Pay attention to resilient ICT systems

Imagine if the entire mobile networks fail to work for a day. Or, God forbid, the entire mobile money system fails for two days.

It would be catastrophic, to say the least. Our dependence on Information Communication Technologies (ICTs) is such that there must be no room for error. We expect these systems to work 24/7, 365 days.

Last week, I fell victim to a widespread system failure.

A power failure in Atlanta forced one of the World’s largest airlines, Delta, to shut down its operations, leaving thousands of travellers frustrated.

Their disaster recovery systems also failed, yet this is the system that virtually runs everything ranging from crew scheduling, passenger check-in, and flight dispatch to airport departures, information displays and ticket sales.


Within a few hours, the airline had cancelled more than 600 flights.

In July, a similar incident happened to Southwestern Airlines, leading to cancellation of more than 2,000 flights, which cost the airline between $5 million and $10 million in losses.

Continuity plan

ICTs have advanced to an extent that such failures should never happen at all.

Every large organisation with extensive ICT deployment has a business continuity plan with a precise business continuity strategy.

Once these tools are in place, the systems are regularly tested, maintained and reviewed. Most strategies provide for system redundancy, backups and multiple disaster recovery systems.

But these critical steps are often ignored.

It is important, however, that from time to time, we reflect on what could possibly happen if we were to experience system failure in any of the services that now depend on ICTs to run.

We often think that the risk of a system failure ended with Y2K.

The full impact of ICT disruptions is often never established, considering the fact that some of the customers may even have lost a significant amount of man-hours or loss of business.

When a crisis event like the Delta case happens, it gives the public a rare glimpse into the fact that we are constantly vulnerable in critical systems that we depend on to provide services.

Storage devices

There are many lessons that can be learnt from failures of systems that hold critical data, be it at personal level, where we have mobile handsets and computers that hold a significant amount of data, or at the organisational level where ICTs are deployed at transactional level.

In the past, such data was kept in external storage devices but that too became problematic owing to the fact that updating the information was in itself a challenge.

Then came the cloud service that solved both the need for external storage and instant updates so that virtually no data is lost.
Delta Airlines have not explained why the backup systems failed but chances are that the system they maintained may have been too old.

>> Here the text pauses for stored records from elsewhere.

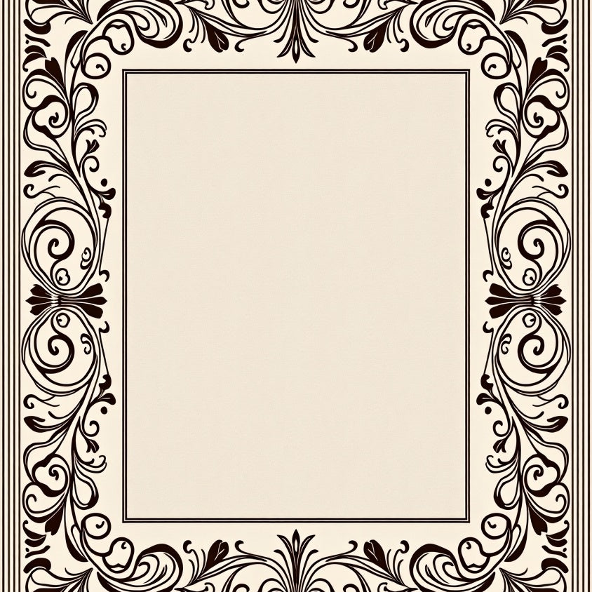 Arabesque Scroll Vine Botanical Flourish Ornamental Border(Black)
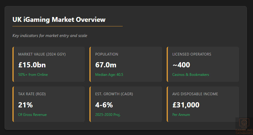 | Market size (2024 Gross Gambling Yield) | £15 billion total, with 50%+ online |
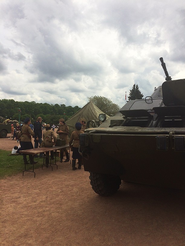 Я была на Марсовом поле около часа дня – тщательно охраняемый правоохранителями парк был наполнен семьями с детьми, стариками, прогуливающейся молодежью. Все они участвовали в развлекательных и познавательных мероприятиях от военно-патриотической организации «Красная звезда». Там можно было посидеть на танке, отведать пару блюд на полевой кухне, пострелять из автомата и послушать народные песни. Детей учили основам рукопашного боя, аниматоры развлекали их песнями и танцами, кто-то из них сдавал армейские нормативы и постигал азы рыцарства. Все было тихо и спокойно – атмосфера была чудесная.

Delta CEO, Ed Bastian, simply said: “I’m sorry that it happened and I don’t have the final analysis of what caused the outage. We did have a redundant backup power source in place. Unfortunately some of our core systems and key systems did not kick-over to the back-up power source when we lost power and, as a consequence of that, it caused our entire system effectively to crash and we had to reboot and start the operation up from scratch.”
His response in real sense explained nothing.

It is more like when the Kenya Power says sorry when power surge destroys your electronics — without paying for any of the damage or refunding the cost of repair.

Delta and its partners still owe it to the public to explain what exactly happened considering the fact that cost of cloud services has in the past few years significantly dropped to the extent that one can have multiple storage locations to mitigate against abrupt failures that can be very expensive.

Although this is now water under the bridge, it must serve as a lesson to all other providers of critical services to conduct dry runs of their systems to avoid inconveniencing customers.

Resilient systems

Advances in technology have made the entire world dependent.

Providers, therefore, must always ensure that their systems are resilient given the fact that some of the systems do not just advance efficiency but are critical to mankind’s day-to-day activities.

Elizabeth Edwards, an American author and wife of former North Carolina Senator, once said: “Resilience is accepting your new reality, even if it’s less good than the one you had before.”

Let’s be resilient anyway and accept the new normal of technology.

The writer is an associate professor at University of Nairobi’s School of Business.